*** Excerpted data Section Begins ***

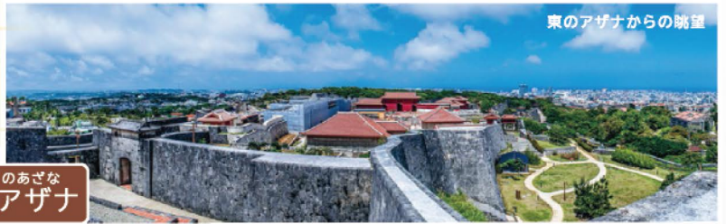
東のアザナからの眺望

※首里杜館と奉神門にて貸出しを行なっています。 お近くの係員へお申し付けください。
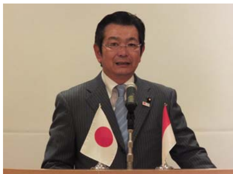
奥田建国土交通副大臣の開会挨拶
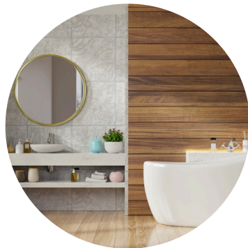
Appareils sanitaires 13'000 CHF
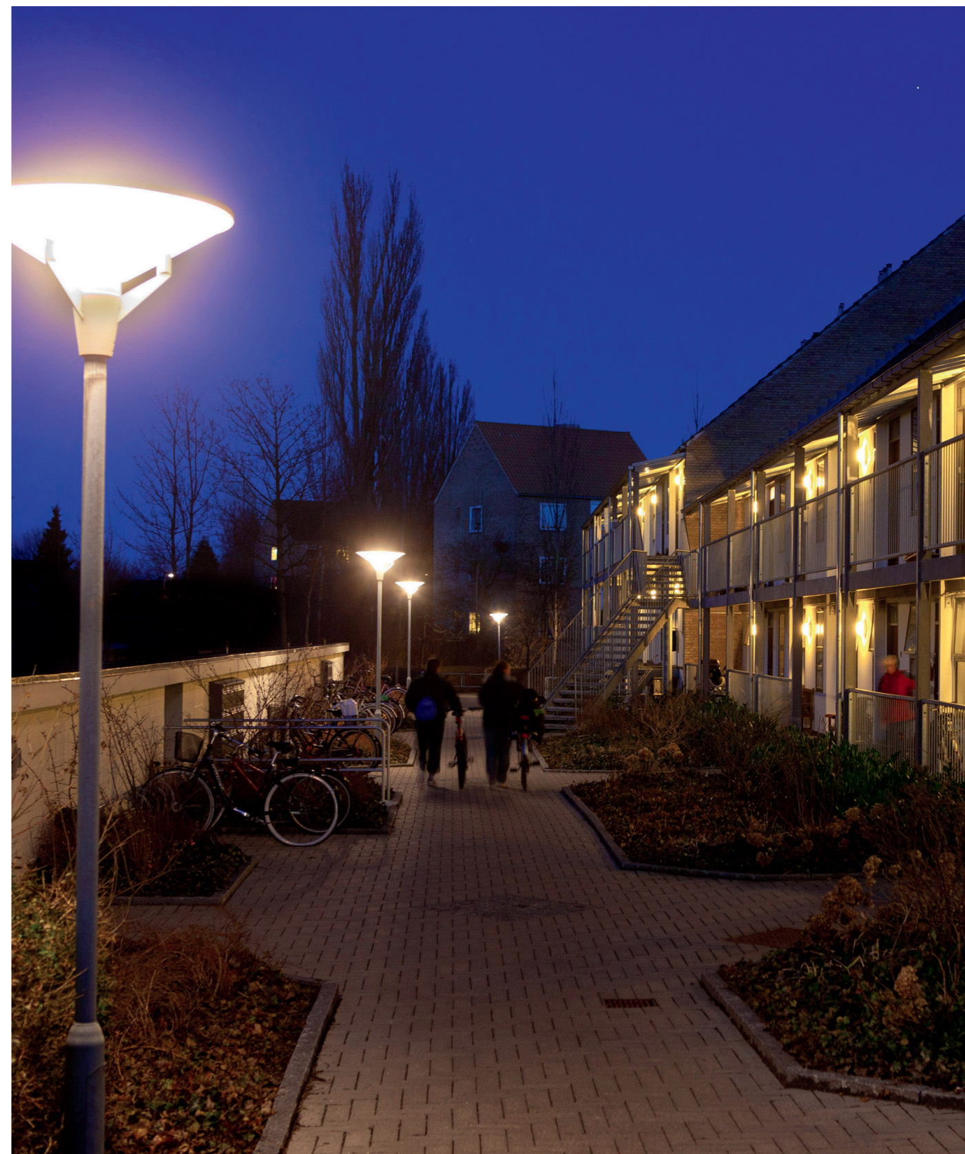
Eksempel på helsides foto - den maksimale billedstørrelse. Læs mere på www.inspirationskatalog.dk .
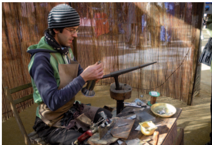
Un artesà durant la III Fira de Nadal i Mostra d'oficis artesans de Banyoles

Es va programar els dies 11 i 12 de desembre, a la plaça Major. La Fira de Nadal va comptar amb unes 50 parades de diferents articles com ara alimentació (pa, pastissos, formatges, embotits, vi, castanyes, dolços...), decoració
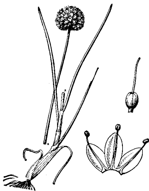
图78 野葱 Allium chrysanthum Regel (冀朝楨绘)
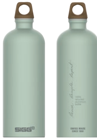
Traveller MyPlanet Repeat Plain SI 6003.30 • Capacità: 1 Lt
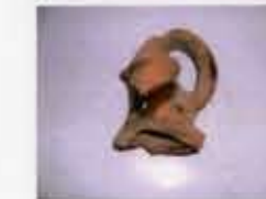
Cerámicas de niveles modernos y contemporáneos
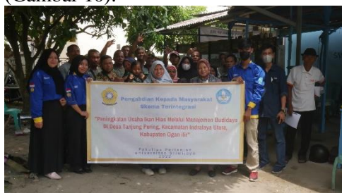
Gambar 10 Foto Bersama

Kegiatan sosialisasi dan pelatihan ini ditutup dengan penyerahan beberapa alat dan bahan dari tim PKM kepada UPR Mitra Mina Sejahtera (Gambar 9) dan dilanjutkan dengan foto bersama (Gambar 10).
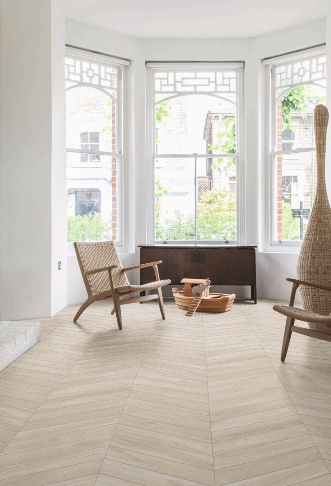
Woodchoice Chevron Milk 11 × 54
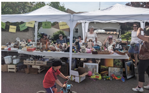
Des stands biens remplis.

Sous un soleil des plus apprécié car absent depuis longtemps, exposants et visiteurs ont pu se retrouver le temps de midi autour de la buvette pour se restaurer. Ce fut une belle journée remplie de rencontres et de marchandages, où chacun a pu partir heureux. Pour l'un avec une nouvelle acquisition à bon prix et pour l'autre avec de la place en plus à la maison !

*** Excerpted data Section Ends ***
*** Excerpted data Section Begins ***

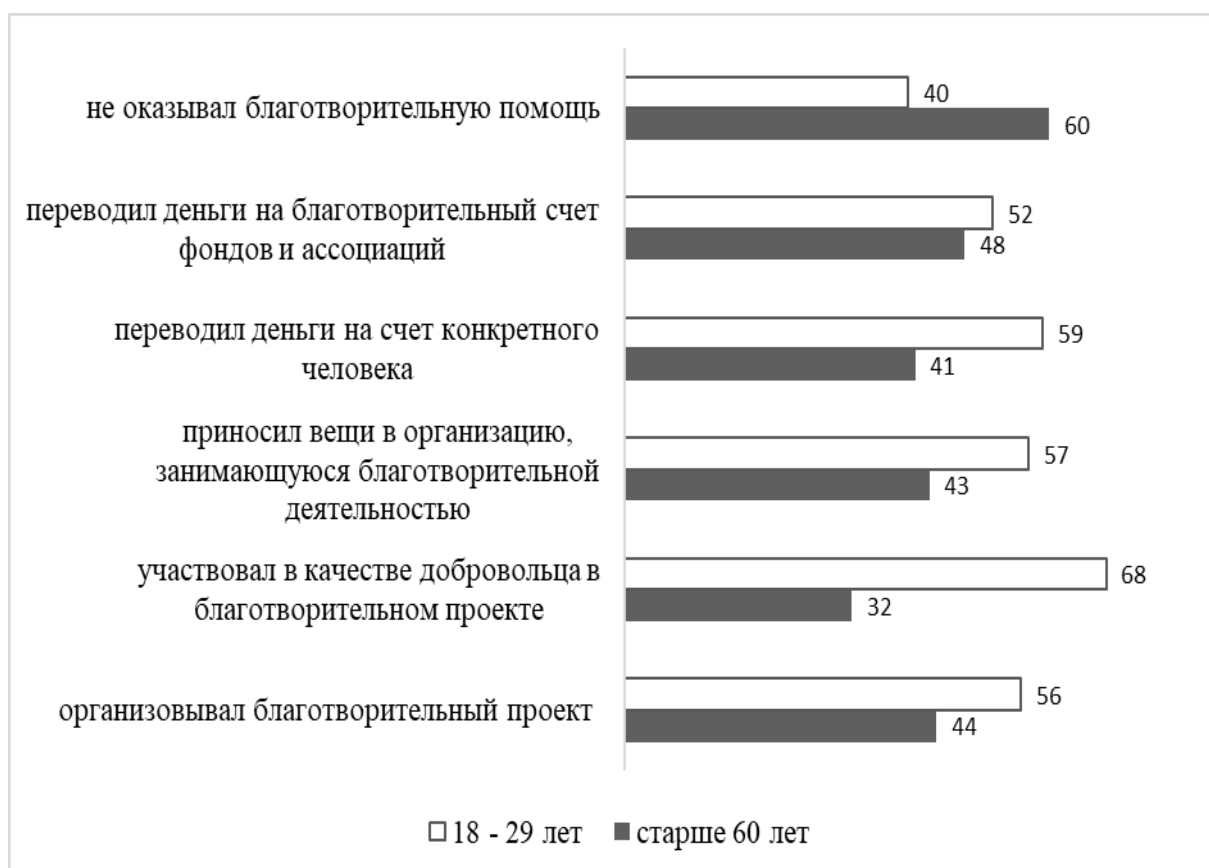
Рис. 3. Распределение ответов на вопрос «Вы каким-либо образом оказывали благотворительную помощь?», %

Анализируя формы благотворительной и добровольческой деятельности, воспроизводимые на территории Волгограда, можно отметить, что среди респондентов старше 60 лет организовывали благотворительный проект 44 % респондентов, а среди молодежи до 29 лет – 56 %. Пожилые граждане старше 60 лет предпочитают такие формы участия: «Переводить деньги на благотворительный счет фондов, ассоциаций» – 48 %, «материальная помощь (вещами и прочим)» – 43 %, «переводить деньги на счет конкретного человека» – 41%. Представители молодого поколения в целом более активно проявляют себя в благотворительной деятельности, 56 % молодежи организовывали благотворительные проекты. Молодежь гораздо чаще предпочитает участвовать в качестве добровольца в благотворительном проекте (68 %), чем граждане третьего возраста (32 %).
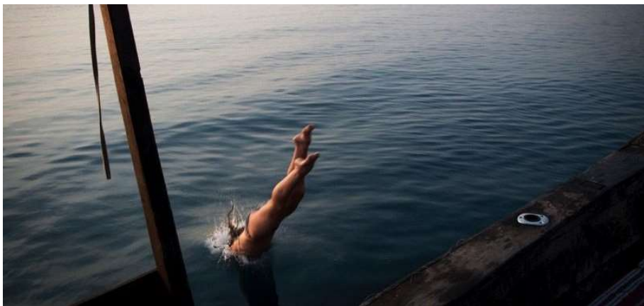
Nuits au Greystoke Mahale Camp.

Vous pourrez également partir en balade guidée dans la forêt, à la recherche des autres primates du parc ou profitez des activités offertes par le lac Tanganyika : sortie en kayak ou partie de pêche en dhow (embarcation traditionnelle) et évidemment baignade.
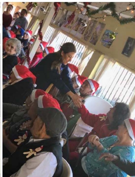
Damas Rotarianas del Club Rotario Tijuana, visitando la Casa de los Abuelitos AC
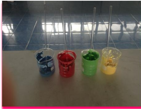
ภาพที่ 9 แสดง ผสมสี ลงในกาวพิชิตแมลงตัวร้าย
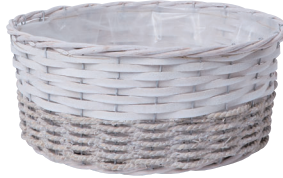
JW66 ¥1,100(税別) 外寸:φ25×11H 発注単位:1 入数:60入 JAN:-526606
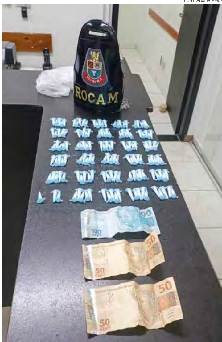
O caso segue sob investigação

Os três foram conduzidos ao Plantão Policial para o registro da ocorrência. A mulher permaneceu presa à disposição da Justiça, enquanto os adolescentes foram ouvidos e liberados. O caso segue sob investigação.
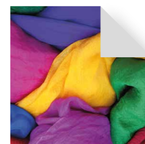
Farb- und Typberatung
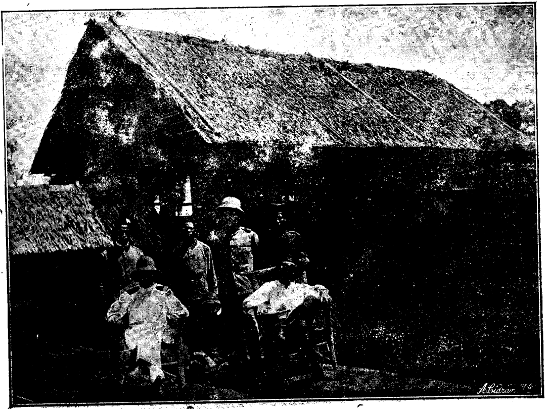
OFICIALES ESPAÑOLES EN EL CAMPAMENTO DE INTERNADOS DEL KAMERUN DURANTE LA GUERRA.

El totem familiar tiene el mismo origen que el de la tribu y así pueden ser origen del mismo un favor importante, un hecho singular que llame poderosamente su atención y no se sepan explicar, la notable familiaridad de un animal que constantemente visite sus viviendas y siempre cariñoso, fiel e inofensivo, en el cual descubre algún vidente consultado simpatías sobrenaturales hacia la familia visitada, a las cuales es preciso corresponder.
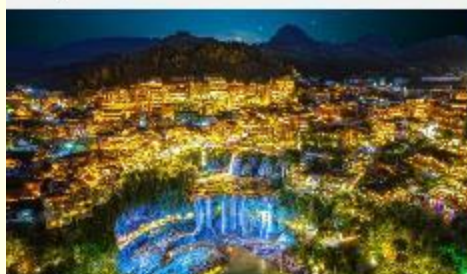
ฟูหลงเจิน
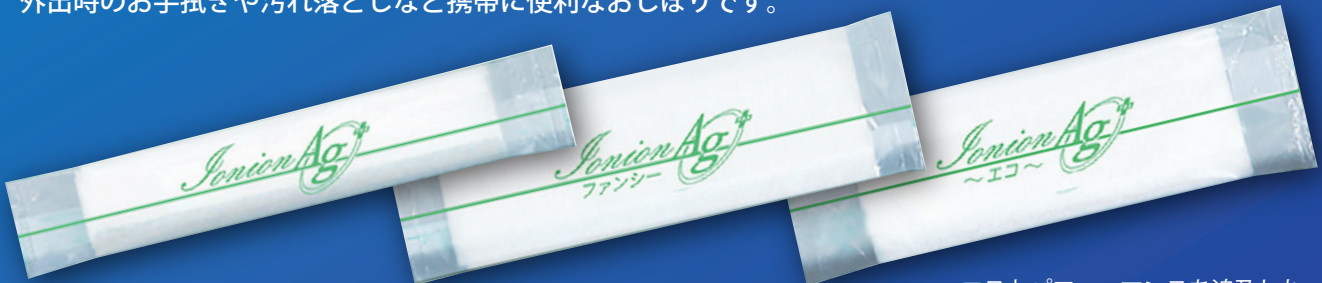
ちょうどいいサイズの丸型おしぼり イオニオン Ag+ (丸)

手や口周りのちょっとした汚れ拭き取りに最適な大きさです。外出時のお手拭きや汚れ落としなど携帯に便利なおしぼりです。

*** Excerpted data Section Ends ***

■ **Task to carry out**:
Check how many lines in the entries contain "Fira", and reply with that number alone.

■ **Solution for this problem**:
2